An exact copy of the data below is needed; please leave out any pictures.

▶ _Data below_:
-- Opening Marker --
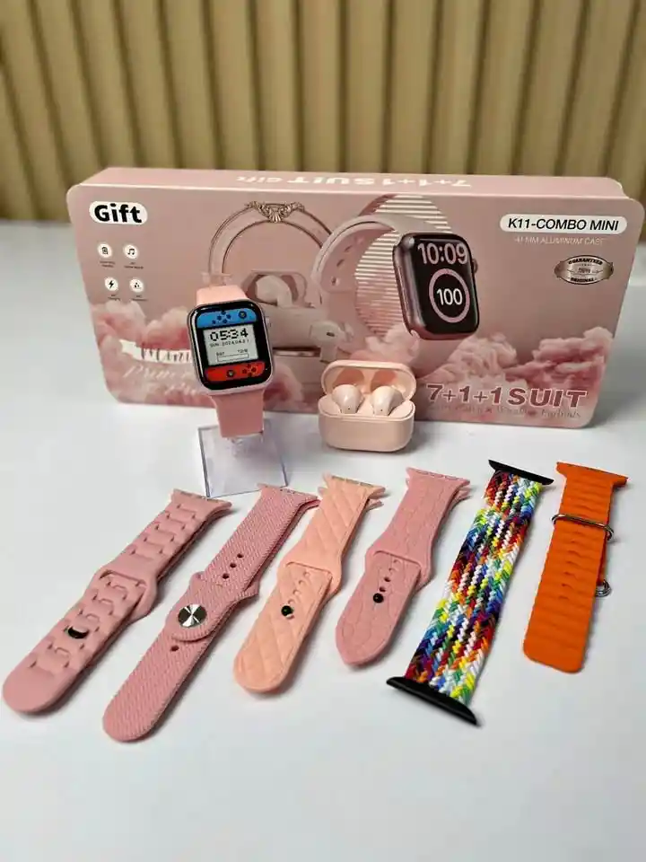 Combo Smart Watch K11 es un reloj inteligente que combina tecnología, estilo y funcionalidad. Diseño: Tiene una pantalla táctil de alta resolución, lo que ofrece una experiencia fluida y cómoda para el uso diario. Funciones: Incluye monitoreo de ritmo cardíaco, medición de oxígeno en la sangre, control del sueño y modos deportivos. Conectividad: Permite recibir notificaciones de llamadas, mensajes y aplicaciones en tiempo real a través de Bluetooth. Accesorios: El paquete incluye correas intercambiables, un cargador magnético y auriculares inalámbricos, lo que lo convierte en un paquete completo. Este smartwatch es compatible con dispositivos iOS y Android, lo que lo hace versátil para diferentes estilos de vida.
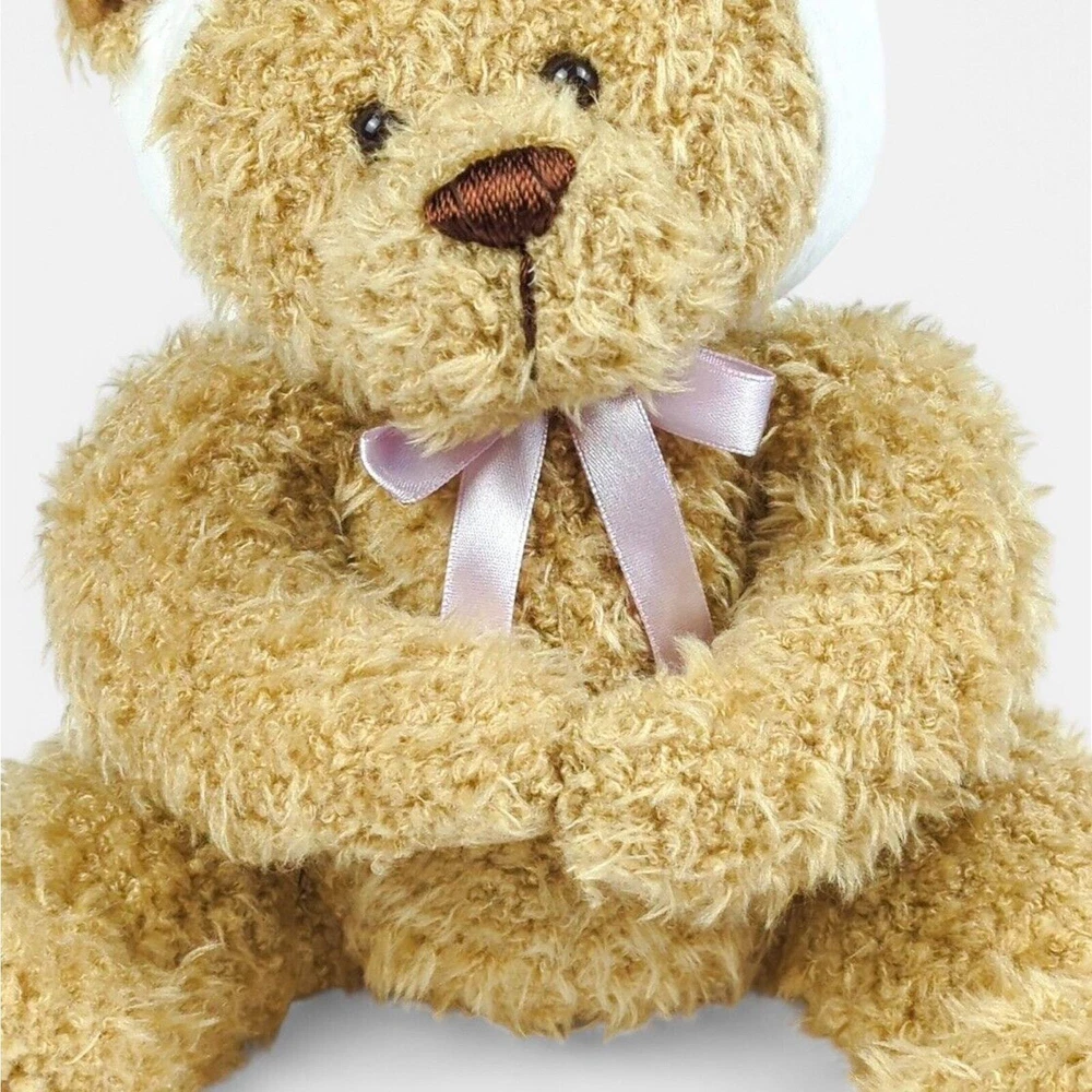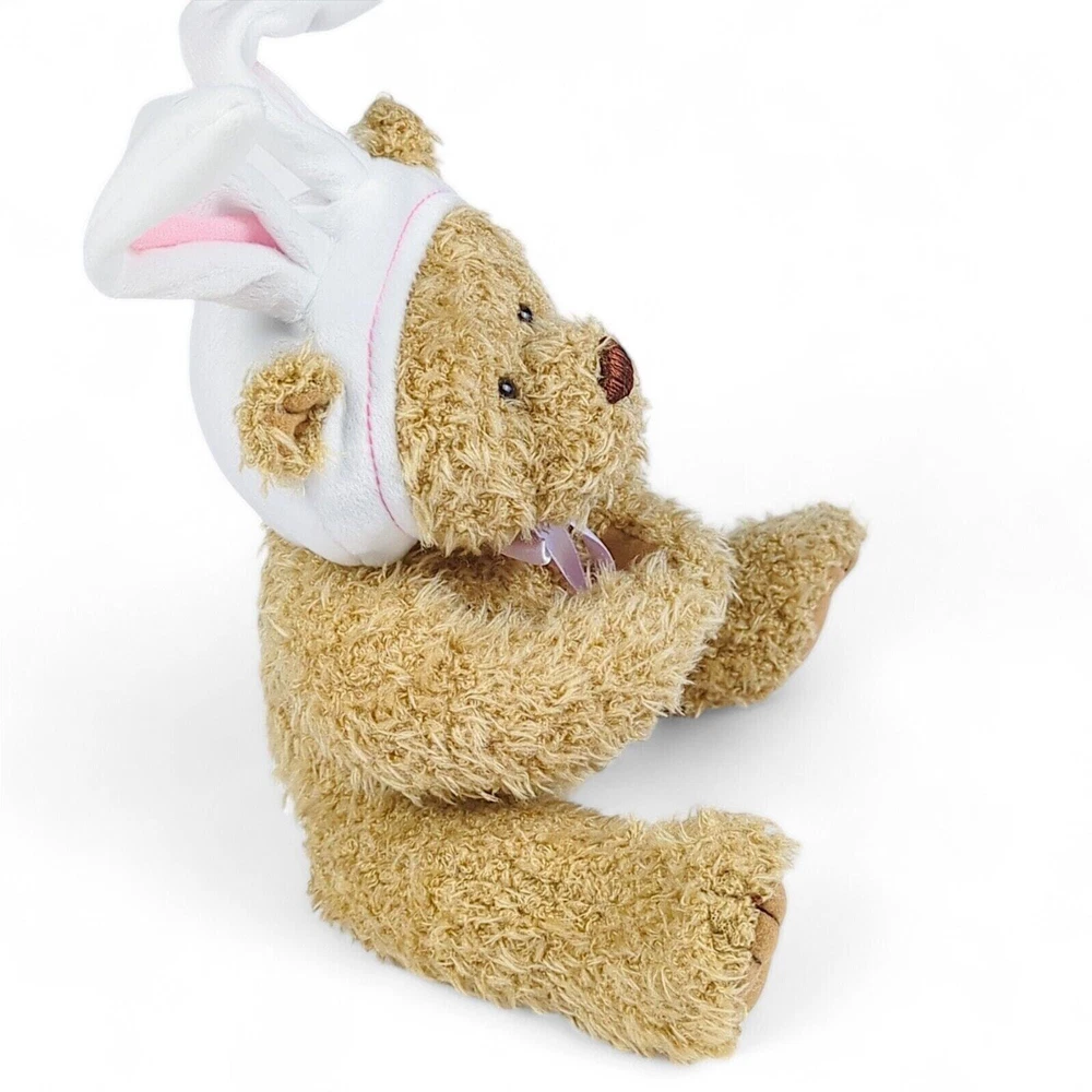 Plush Stuffed Easter Teddy Bear • Brown Bear wearing white bunny ears • Flexible wire in the ears allows you to bend and shape the ears into place • Ear headpiece is tied around the neck with the ribbon, but the bow is attached to the bear's neck and therefore the ear headpiece is not removable • Paws are connected together in front • While seated, bear itself is approximately 9" wide and 8" tall not including ears -- add another 4.5" with ears This is a pre-owned, used item in good condition. No stains, holes, or loose seams.
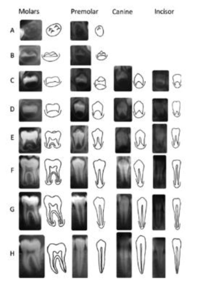 Dental developmental stages of Demirjian and Goldstein’s method:
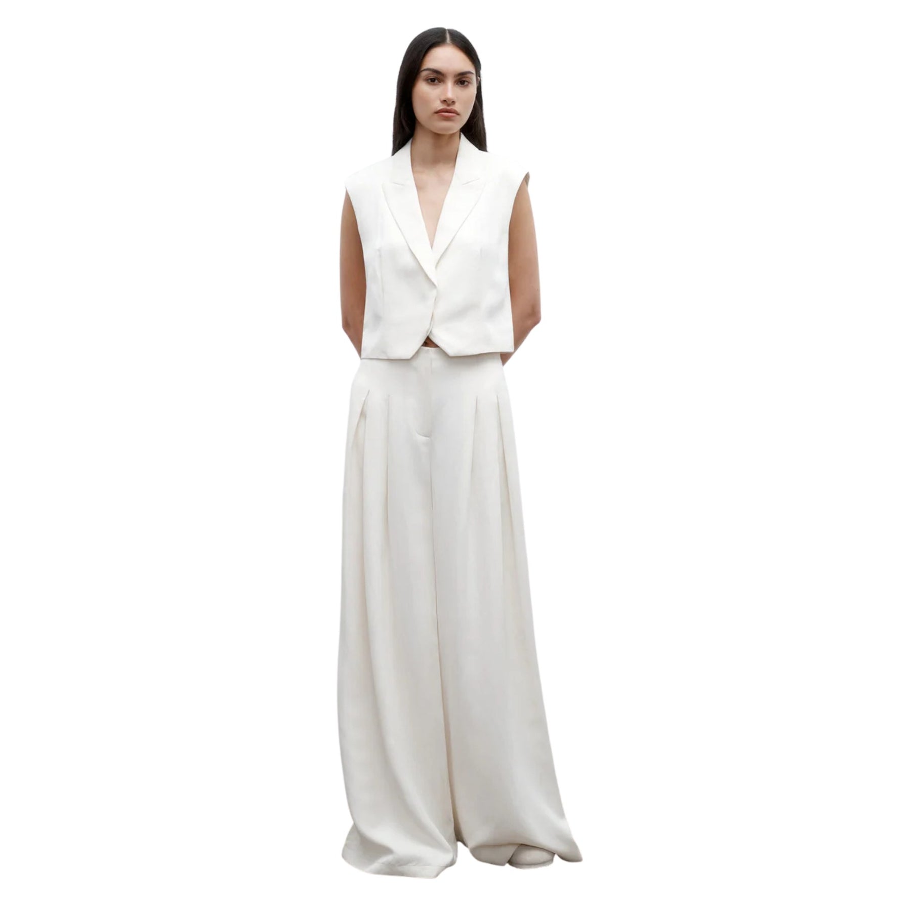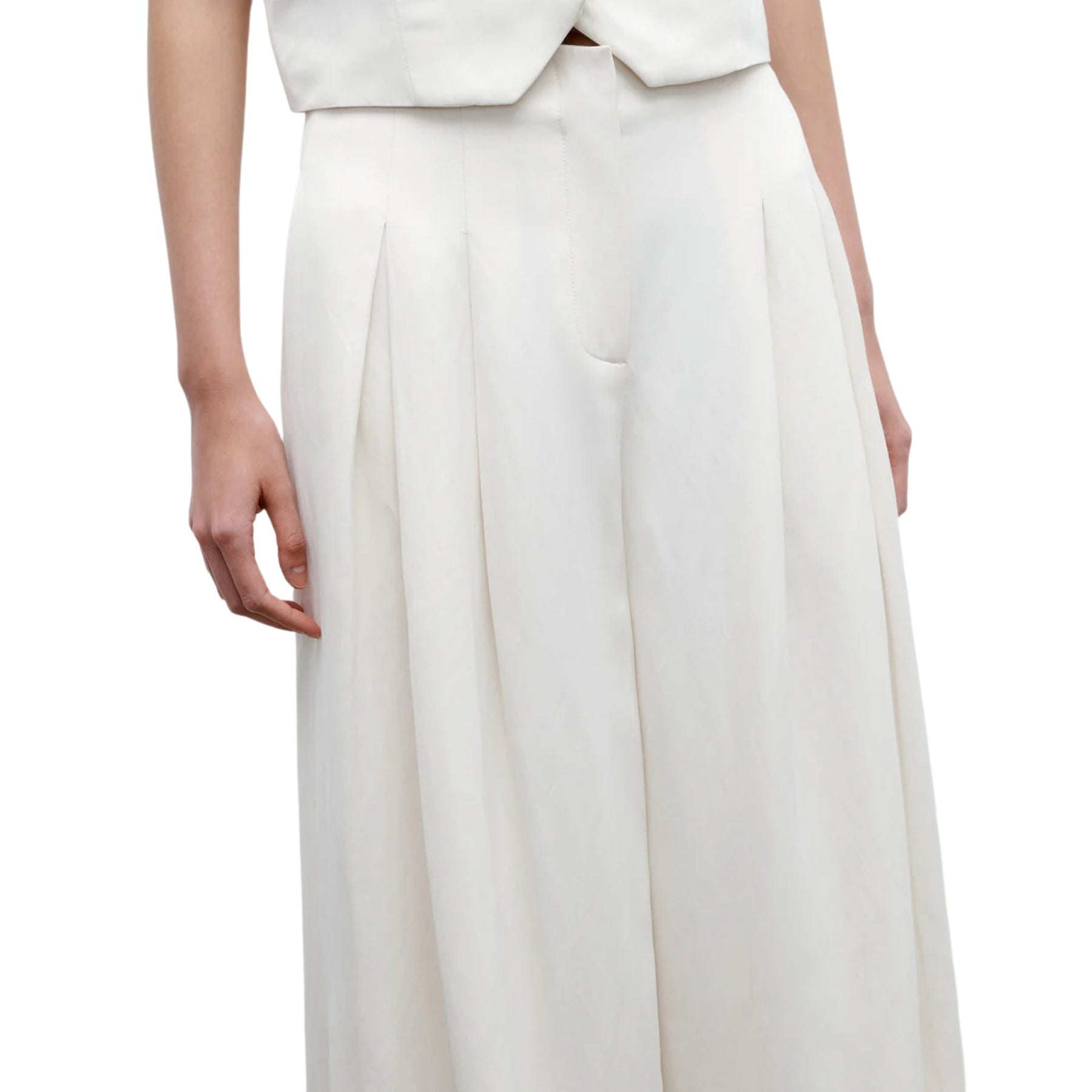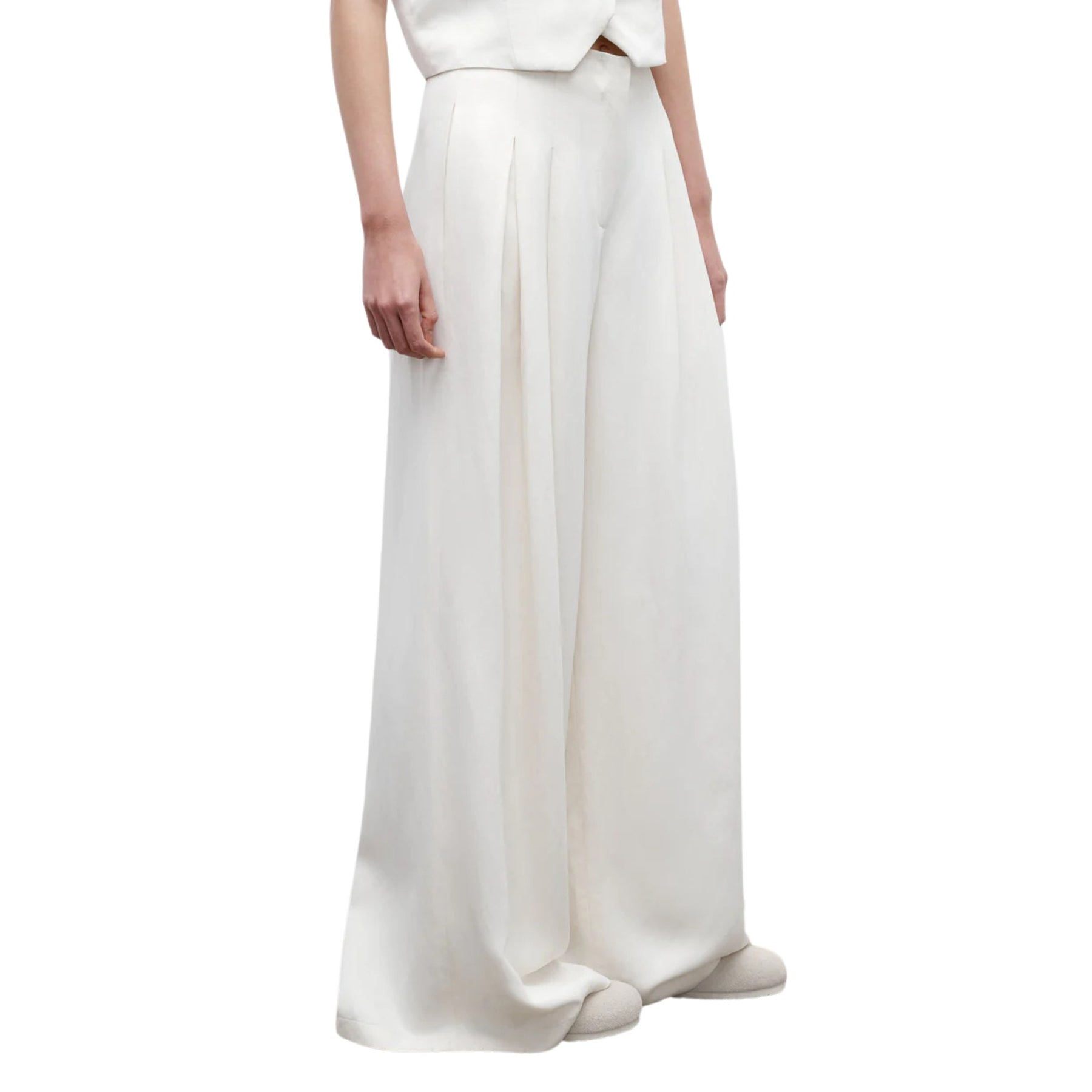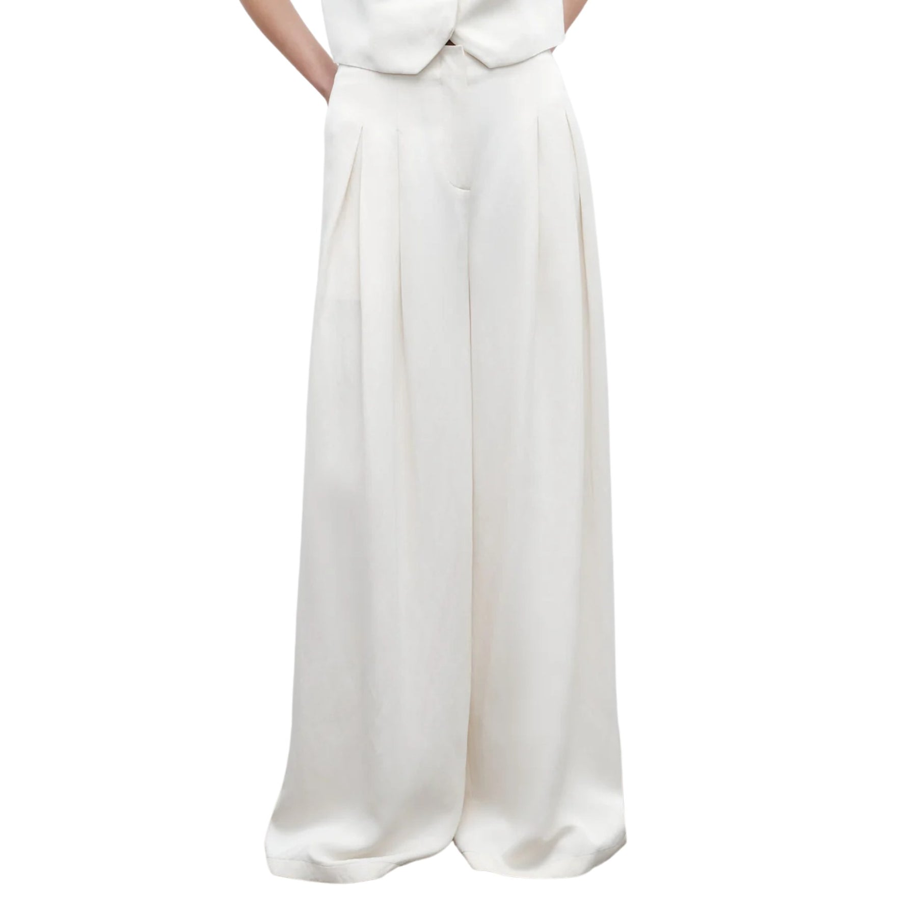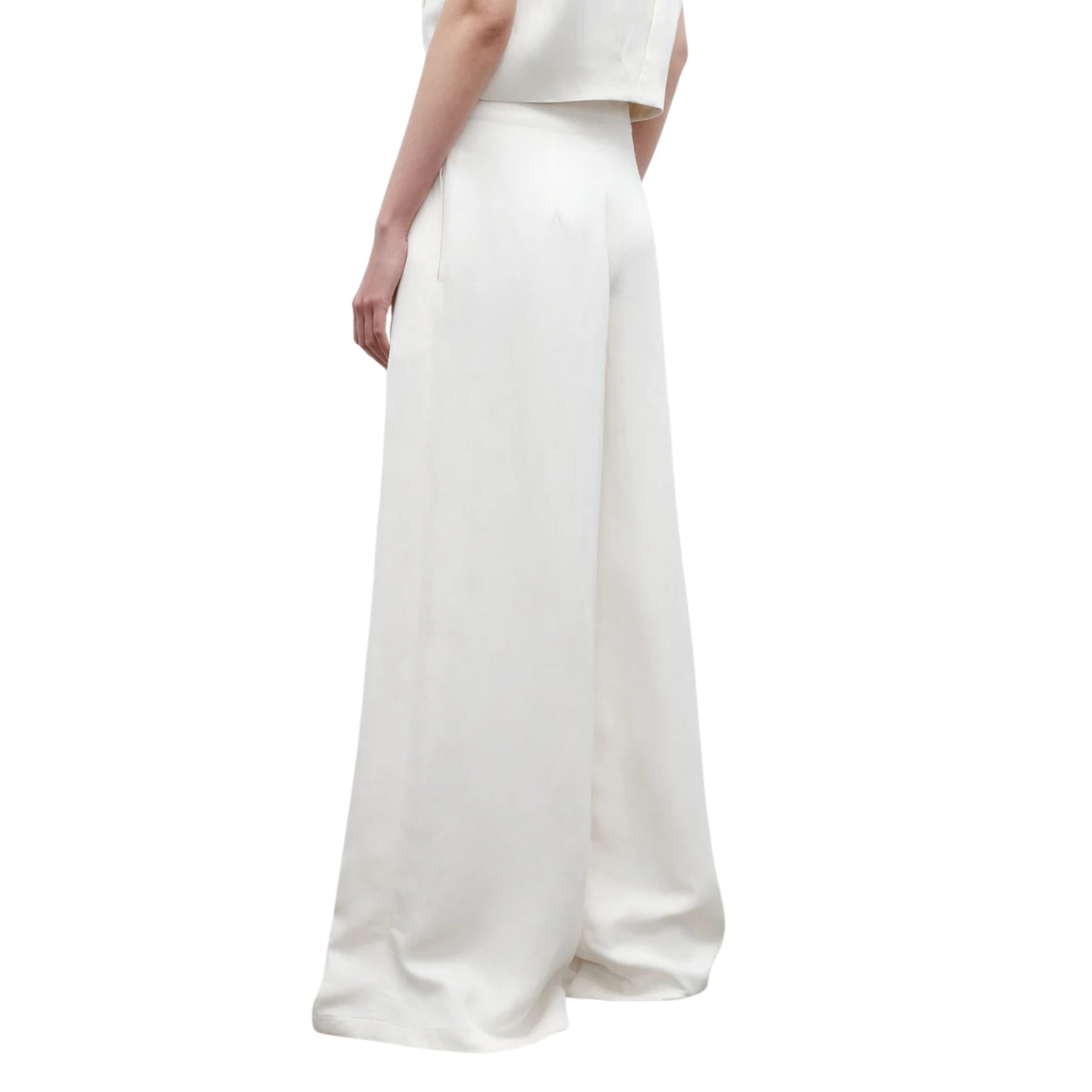 The Drew Pant is a high-rise, wide-leg dress pant designed to move with you from daytime polish to evening elegance. Cut from a premium coated viscose–linen blend, these ivory trousers offer a fluid, floor-grazing silhouette with a subtle satiny sheen. Deep pleats through the leg create beautiful drape and elongate the figure, while the tailored waistband sits high for a flattering, waist-defining fit. Perfect for modern suiting, special occasions, or elevated everyday style.
-- Closing Marker --
▶ _Answer box_:
 Combo Smart Watch K11 es un reloj inteligente que combina tecnología, estilo y funcionalidad. Diseño: Tiene una pantalla táctil de alta resolución, lo que ofrece una experiencia fluida y cómoda para el uso diario. Funciones: Incluye monitoreo de ritmo cardíaco, medición de oxígeno en la sangre, control del sueño y modos deportivos. Conectividad: Permite recibir notificaciones de llamadas, mensajes y aplicaciones en tiempo real a través de Bluetooth. Accesorios: El paquete incluye correas intercambiables, un cargador magnético y auriculares inalámbricos, lo que lo convierte en un paquete completo. Este smartwatch es compatible con dispositivos iOS y Android, lo que lo hace versátil para diferentes estilos de vida.
 Plush Stuffed Easter Teddy Bear • Brown Bear wearing white bunny ears • Flexible wire in the ears allows you to bend and shape the ears into place • Ear headpiece is tied around the neck with the ribbon, but the bow is attached to the bear's neck and therefore the ear headpiece is not removable • Paws are connected together in front • While seated, bear itself is approximately 9" wide and 8" tall not including ears -- add another 4.5" with ears This is a pre-owned, used item in good condition. No stains, holes, or loose seams.
 Dental developmental stages of Demirjian and Goldstein’s method:
 The Drew Pant is a high-rise, wide-leg dress pant designed to move with you from daytime polish to evening elegance. Cut from a premium coated viscose–linen blend, these ivory trousers offer a fluid, floor-grazing silhouette with a subtle satiny sheen. Deep pleats through the leg create beautiful drape and elongate the figure, while the tailored waistband sits high for a flattering, waist-defining fit. Perfect for modern suiting, special occasions, or elevated everyday style.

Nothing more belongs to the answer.